A Dividend Equivalent Right is hereby granted to the Grantee, consisting of the right to receive, with respect to each Phantom Share, cash in an amount equal to the cash dividend distributions paid in the ordinary course on a Share to the Company’s common shareholders (each, a “Dividend Payment”), as set forth below. For each Phantom Share then outstanding, whether or not then vested, if a cash dividend is payable in the ordinary course on a Share, the Company shall make a payment to the Grantee in an amount equal to the applicable Dividend Payment, on or about the date of the Dividend Payment; provided that the Grantee may elect, in accordance with such procedures as may be prescribed by the Board, to receive, in lieu of such Dividend Payment, a number of additional Phantom Shares equal to (x) the otherwise payable Dividend Payment, divided by (y) the Fair Market Value of a Share on the date of the Dividend Payment.]
4. Miscellaneous.
(a) THIS AGREEMENT SHALL BE GOVERNED BY THE LAWS OF THE STATE OF MARYLAND, WITHOUT REFERENCE TO PRINCIPLES OF CONFLICT OF LAWS. The captions of this Agreement are not part of the provisions hereof and shall have no force or effect. This Agreement may not be amended or modified except by a written agreement executed by the parties hereto or their respective successors and legal representatives. The invalidity or unenforceability of any provision of this Agreement shall not affect the validity or enforceability of any other provision of this Agreement.

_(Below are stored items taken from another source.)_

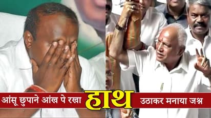 बेंगलुरू। कर्नाटक विधानसभा में विश्वास मत पर चार दिन से चले आ रहे घमासान के बाद मंगलवार शाम कुमारस्वामी सरकार फ्लोर टेस्ट (विश्वास मत) में फेल हो गई। फ्लोर टेस्ट में कांग्रेस-जेडीएस गठबंधन को 99 वोट मिले, जबकि भाजपा के पक्ष में बहुमत के लिए जरूरी 105 वोट डाले गए। बता दें कि स्वामी ने 14 महीने तक कांग्रेस के साथ गठबंधन सरकार चलाई। उन्हें 116 विधायकों का समर्थन था। हालांकि, 1 जुलाई को कांग्रेस के दो विधायकों के इस्तीफे के बाद पिछले 23 दिन से कर्नाटक में सियासी ड्रामा चल रहा था। सरकार गिरने के बाद जहां कुमारस्वामी आंसू छुपाने के लिए आंख पर हाथ रखे नजर आए तो वहीं बीजेपी के येदियुरप्पा जश्न मनाने से खुद को रोक नहीं सके। दूसरी ओर, कांग्रेस-जेडीएस गठबंधन के फ्लोर टेस्ट में फेल होने के बाद सोशल मीडिया पर यूजर जमकर मजाक उड़ा रहे हैं।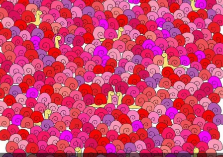 Предлагаем вам интересное задание. Вам нужно посмотреть на картинку и отыскать сердечко среди уймы улиток. Вперед, сделайте это как можно быстрее.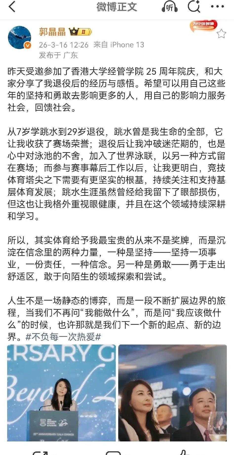 值得一提的的是,郭晶晶早年跳水留下了眼部损伤,她没有心生不满,反而让她格外重视眼健康,在这个领域深耕学习并帮助到更多的人。在港大的分享里,她坦言体育给她最宝贵的从来不是奖牌,而是刻在信念里的两种力量:一种是坚持,对事业、责任和信念的坚守;另一种是勇敢,敢于走出舒适区,向陌生领域探索。她还说,人生不是静态博弈,而是不断扩展边界的旅程。当我们从问“我能做什么”变成“我应该做什么”时,就是新的起点。这番通透又有力量的话,让大家看到了奥运冠军退役后,依然在用热爱和责任影响更多人。

(b) The Board may make such rules and regulations and establish such procedures for the administration of this Agreement as it deems appropriate. Without limiting the generality of the foregoing, the Board may interpret this Agreement, with such interpretations to be conclusive and binding on all persons and otherwise accorded the maximum deference permitted by law. In the event of any dispute or disagreement as to the interpretation of this Agreement or of any rule, regulation or procedure, or as to any question, right or obligation arising from or related to this Agreement, the decision of the Board shall be final and binding upon all persons.
(c) All notices hereunder shall be in writing, and if to the Company, shall be delivered to the Board or mailed to its principal office, addressed to the attention of the Board; and if to the Grantee, shall be delivered personally or mailed to the Grantee at the address appearing in the records of the Company. Such addresses may be changed at any time by written notice to the other party given in accordance with this paragraph 4(c).
(d) The failure of the Grantee or the Company to insist upon strict compliance with any provision of this Agreement or the Plan, or to assert any right the Grantee or the Company, respectively, may have under this Agreement or the Plan, shall not be deemed to be a waiver of such provision or right or any other provision or right of this Agreement or the Plan.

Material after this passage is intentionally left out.